-- DATA SECTION --
▼▼▼
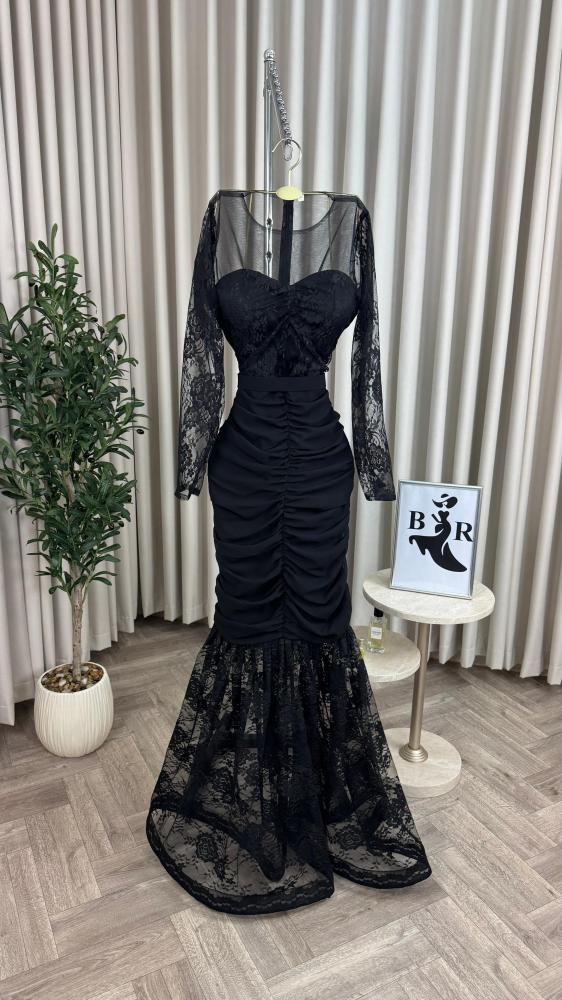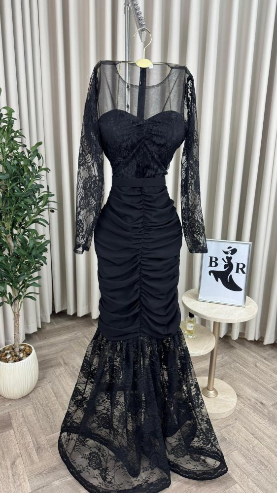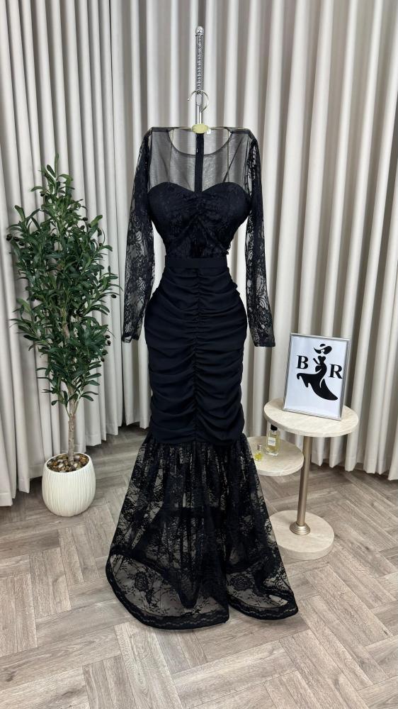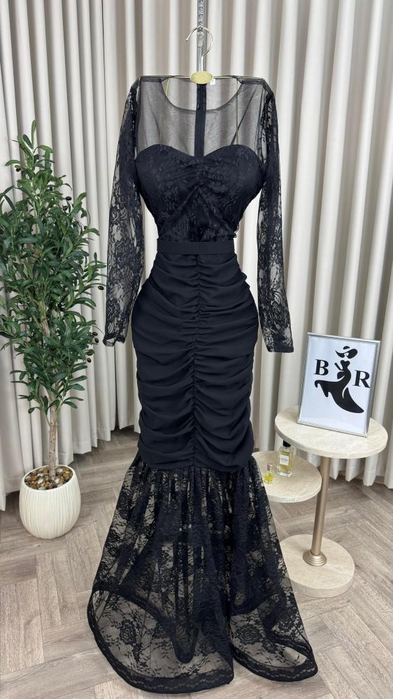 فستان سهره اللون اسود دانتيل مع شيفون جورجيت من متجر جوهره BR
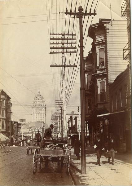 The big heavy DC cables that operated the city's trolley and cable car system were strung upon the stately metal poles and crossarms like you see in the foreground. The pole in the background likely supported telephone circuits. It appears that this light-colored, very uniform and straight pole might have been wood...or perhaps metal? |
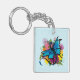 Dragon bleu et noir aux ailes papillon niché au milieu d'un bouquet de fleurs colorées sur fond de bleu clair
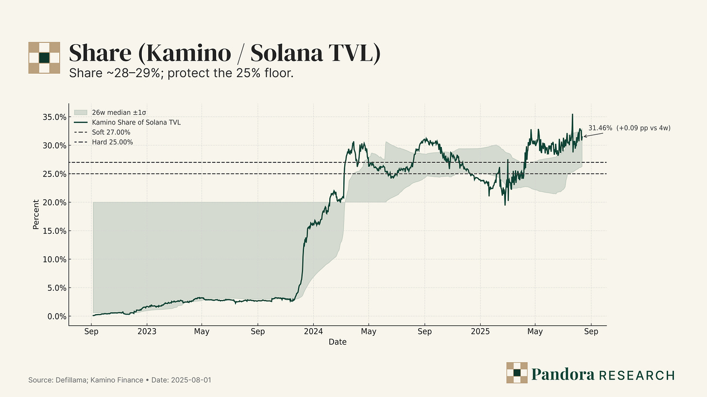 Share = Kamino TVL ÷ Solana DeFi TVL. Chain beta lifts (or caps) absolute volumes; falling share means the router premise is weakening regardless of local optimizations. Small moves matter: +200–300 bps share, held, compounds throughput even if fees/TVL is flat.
▲▲▲
-- EXERCISE AIM --
Transcribe only this stretch of the data: the line with "The big heavy", the line with "Dragon bleu et", and every line in between. Leave out the pictures.

-- EXERCISE OUTPUT --
 The big heavy DC cables that operated the city's trolley and cable car system were strung upon the stately metal poles and crossarms like you see in the foreground. The pole in the background likely supported telephone circuits. It appears that this light-colored, very uniform and straight pole might have been wood...or perhaps metal? |
 Dragon bleu et noir aux ailes papillon niché au milieu d'un bouquet de fleurs colorées sur fond de bleu clair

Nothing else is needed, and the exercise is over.